The Evolution of the Roman Army Part V — The Diocletian Reforms and the Late Roman Army
Just a note before I begin this post, I must give everyone a heads up that we are entering into the last final two centuries of the Western Roman Empire. From here on out when I refer to the “Roman Empire” I’m mostly going to be referring to the west rather than the east. I’m not going to continue this series by moving onto the army of the Eastern Roman Empire, aka the Byzantine Empire, which survived the fall of the west in 476 for another thousand years. To do so would make an eight post series into a 16 post series, and I aint gonna do that. Also I don’t know that much about the Byzantine Army. If anyone would like to pick up where I left off, let me know. If it’s good stuff I would be happy to reblog it 😀
When I left off with the previous post, Rome was more or less in it’s golden age. That would all change with what historians would call “the Crises of the Third Century”. Between 235 – 285 AD the empire would enter a tumultuous phase in which it would be embroiled in near constant civil war, foreign invasion, and political intrigue. Emperors came and went, some whose reigns barely lasted a few years before they were overthrown, assassinated, and replaced by another emperor. Pretty much any Roman general with a few legions to his command declared himself emperor and sought to seize the power. Entire provinces would break away from the empire, forming their own kingdoms and independent realms. The crises of the third century would end in 285 AD with the reign of Diocletian. By then the empire was thoroughly devastated, thus Diocletian sought a number of reforms to stabilize and rebuild the empire. The Diocletian Reforms were widesweeping, affecting every aspect of Roman life including society, the economy, government, and of course the military.

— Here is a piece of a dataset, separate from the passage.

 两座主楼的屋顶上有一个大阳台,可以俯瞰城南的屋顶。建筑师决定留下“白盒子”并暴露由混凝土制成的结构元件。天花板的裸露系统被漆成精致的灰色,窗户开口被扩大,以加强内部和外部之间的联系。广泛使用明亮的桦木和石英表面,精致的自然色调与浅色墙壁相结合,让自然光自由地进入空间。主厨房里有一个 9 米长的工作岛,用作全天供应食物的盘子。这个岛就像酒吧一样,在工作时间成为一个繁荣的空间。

With the Diocletian Reforms the Roman Army would see a vast change in both strategy and tactics. The first major reform was the elimination of the regular legions and the auxiliary. By the reign of Diocletian, there was little difference between the inhabitants of the provinces and the Romans themselves. Most provinces throughout the empire had been thoroughly “Romanized”, and thus the provincial inhabitants were culturally similar to the average Roman citizen. There would have been few cultural differences between, say, a Gaulic provincial, and the average Joe Roman living in central Italy. Secondly in 212 AD the Emperor Caracalla had declared universal citizenship for all free inhabitants of the empire. No longer were there Roman citizens and provincial subjects, now everyone was a Roman. It no longer made sense to have separate legionary and auxiliary units. Thus the legions and auxiliary were disbanded and reformed into new integrated legions. The amount of men in each legion was lowered from 5,000 men to 1,000 men, creating smaller tactical units which were more flexible strategically and in the field.

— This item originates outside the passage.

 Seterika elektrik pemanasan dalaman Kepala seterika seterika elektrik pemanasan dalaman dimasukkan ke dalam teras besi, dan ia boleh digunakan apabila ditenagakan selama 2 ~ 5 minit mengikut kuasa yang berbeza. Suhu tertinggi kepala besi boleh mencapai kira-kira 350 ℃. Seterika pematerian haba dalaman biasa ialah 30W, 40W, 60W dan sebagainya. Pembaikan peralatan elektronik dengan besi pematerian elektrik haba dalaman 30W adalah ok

Roman infantry units were divided into two main groups; the comitatenses and the limitanei. The comitatenses were the regular rank and file infantry of the army. However, unlike the earlier legions, the comitatenses were stationed well behind the Roman border, occupying populated areas such as the towns and cities. Those who were stationed at the border were the limitanei. Unlike the comitatenses, the limitanei were light infantry who were lightly armed and armored. This system involved a new “defense-in-depth” strategy. Whereas before the empire’s strategy was to station the bulk of its troops at the border who would deal with problems at the border, now the empire was betting on a system of layered defenses. The role of the limitanei was to guard and police the border, often dealing with enemy raids as well as bands of brigands and bandits. In the case of a full scale invasion, the limitanei were not to directly engage the enemy as they were not conventional combat troops. Rather, the limitanei were to either hole up in fortifications and keep the enemy in one place, or slow down the enemy advance through a guerrilla war consisting of surprise attacks, ambushes, and delaying actions. Once the limitanei had sounded the alarm that trouble was afoot, the comitatenses would form armies that would march out and deal with the invaders. This new defense in depth better allowed the army to focus men and resources to particular hotspots, rather than stretching the army out among various border outposts, requiring long supply lines stretching hundreds of miles through wilderness areas.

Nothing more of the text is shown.